Social pressure isn’t the only factor at work in schools. As psychologists, physicians, neuroscience researchers and educators delve deeper into the problems of academic achievement by both boys and girls, they’ve developed very specific ideas on what to do to help both boys and girls learn. Some of those ideas are summarized by Dr. Leonard Sax, a family practice physician and psychologist, in his book Why Gender Matters.
In studying literature, for example, boys will respond more to action stories and less to discussions about relationships between characters in a story. Girls thrive on discussing feelings and relationships, a more popular pedagogical approach. But as any parent of an adolescent or preadolescent boy knows, asking a boy “How does that make you feel?” is relatively ineffective; their emotional development simply isn’t in sync with their female classmates. For boys, the best approach is to focus on the plot first, and circle back to the emotional elements of the story later.
There are differences in math, too. Girls manage algebra problems better when they’re expressed in “story” form. Because of this, “story problems” have become popular in most algebra texts as a way of getting girls more interested in math. For boys, however, the opposite is true. They like to start from an abstract perspective. The reason: recent studies show that girls process both math and language in the same section of the brain; boys do not, so boys have to take the extra step of making connections between the language-based “story problem” and the math. Both groups can be taught algebra well, but a genuine physiological difference between the sexes suggests they shouldn’t be taught the same way.
A boy’s classroom should be active – the teacher should move around, the boys should be able to move around, and the teacher should speak loudly. Research on hearing shows that young girls actually hear at least twice as well as boys in the frequency ranges of normal speech. This trait begins in infancy and is still a factor at least through middle school.
Imagine a classroom in which the boys are clustered in the back, the girls are in the front, and a teacher seated at a desk speaks in a “normal” voice. There’s not a lot of learning going on in back – in fact some of the boys can barely hear the teacher. Pretty soon the buzzing of the florescent light fixture is the only interesting thing that’s going on; and two or three of the most restive boys in the back of the room will be diagnosed with attention deficit disorder.

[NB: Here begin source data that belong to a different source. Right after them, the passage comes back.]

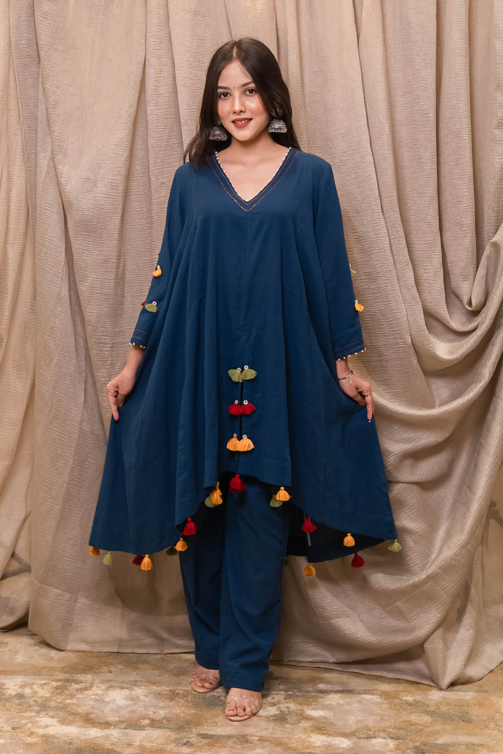 Handcrafted in pure cotton slub,the cape front is embroidered with colorful threads and has tassels. It comes with a elasticated pant which give you comfort fit.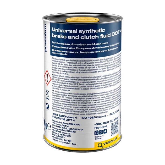 Універсальна синтетична гальмівна рідина Yuko ДОТ-4 для гідравлічних гальмівних систем та приводів зчеплення легкових та вантажних автомобілів, мототехніки, комерційної та іншої спеціалізованої техніки. Сумісна з сучасними системами безпеки типу ABS, ESP, TSC, EBD тощо. Рекомендована до використання в техніці, що оснащена дисковими та/або барабанними гальмівними механізмами, де виробником допускається використання гальмівної рідини стандарту DOT 4. Забезпечує надійну роботу гальмівної системи при стандартних та високих навантаженнях у найширшому діапазоні температур.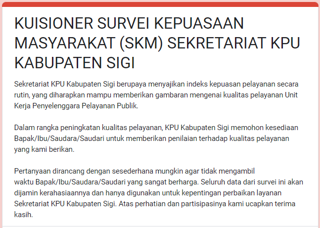 Sekretariat KPU Kabupaten Sigi berupaya menyajikan indeks kepuasan pelayanan secara rutin, yang diharapkan mampu memberikan gambaran mengenai kualitas pelayanan Unit Kerja Penyelenggara Pelayanan Publik. Dalam rangka peningkatan kualitas pelayanan, KPU Kabupaten Sigi memohon kesediaan Bapak/Ibu/Saudara/Saudari untuk memberikan penilaian terhadap kualitas pelayanan yang kami berikan. Pertanyaan dirancang dengan sesederhana mungkin agar tidak mengambil waktu Bapak/Ibu/Saudara/Saudari yang sangat berharga. Seluruh data dari survei ini akan dijamin kerahasiaannya dan hanya digunakan untuk kepentingan perbaikan layanan Sekretariat KPU Kabupaten Sigi. Atas perhatian dan partisipasinya kami ucapkan terima kasih. Silahkan Isi Quisioner Pada Link Ini : KUESIONER SURVEI KEPUASAN MASYARAKAT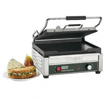 Introducing the Waring WDG250 Sandwich / Panini Grill, a must-have for any commercial restaurant looking to drive profitability. This dual surface panini grill is designed to deliver exceptional results with its 14-1/2" x 11" cooking surface. The hinged auto-balancing top plate, equipped with heat resistant handles, ensures even cooking and perfect grill marks every time. With a ribbed top and flat bottom grill, this versatile appliance allows you to create a variety of delicious sandwiches and paninis. The adjustable thermostats, reaching up to 570F (300C), give you precise control over the cooking temperature, while the indicator lights make monitoring a breeze. Made with a brushed stainless steel body and a removable drip tray, this grill is not only durable but also easy to clean. Trust Waring, a reputable vendor in the industry, and elevate your restaurant's sandwich game with the Waring WDG250 Sandwich / Panini Grill.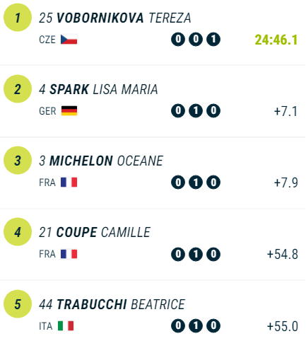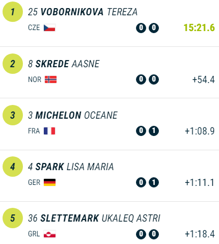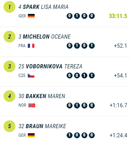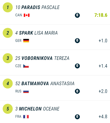 После первой стрельбы лидером гонки пока что является канадка Паскаль Парадиз. Она ровно на секунду опережает немку Лизу Марию Спарк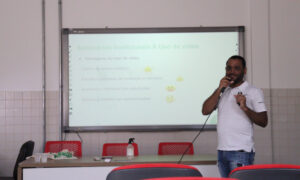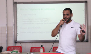 O professor Hércules Santiago (IFPE Ipojuca) apresentou, na última quarta-feira (06), seu relato de experiência na organização e orientação de trabalhos sobre Educação Inclusiva. O convite foi feito Núcleo de Apoio à Pessoa com Deficiência do Campus (Napne), como incentivo a trocas significativas entre os docentes sobre o tema. O encontro foi aberto também a estudantes de Licenciatura e professores de outras instituições.

It’s easy to argue against some of these concepts by saying that I’m simply dragging out old-fashioned gender stereotypes. But research suggests otherwise. In my experience, co-ed schools tend to reinforce the gender stereotypes that single-sex schools can purposefully and effectively break down. Absent gender stereotyping and social pressure, boys are definitely more likely to learn foreign languages and study music and art at a boys’ school. A similar effect makes girls more likely to study math and physics at girls’ schools. Girls who study math and physics at all-girls secondary schools go on to study those subjects in college six times as often as girls who go to co-ed schools.
There are no significant differences in capability between the genders. But the ways they learn are vastly different; and so some careful thought needs to be given to the way we teach each gender. If we want to correct the problems of boys dropping out of school, being left behind academically, and going to college in rapidly dwindling numbers, then our schools will have to respect the different learning styles of boys. It will save the boys, and benefit the girls, too.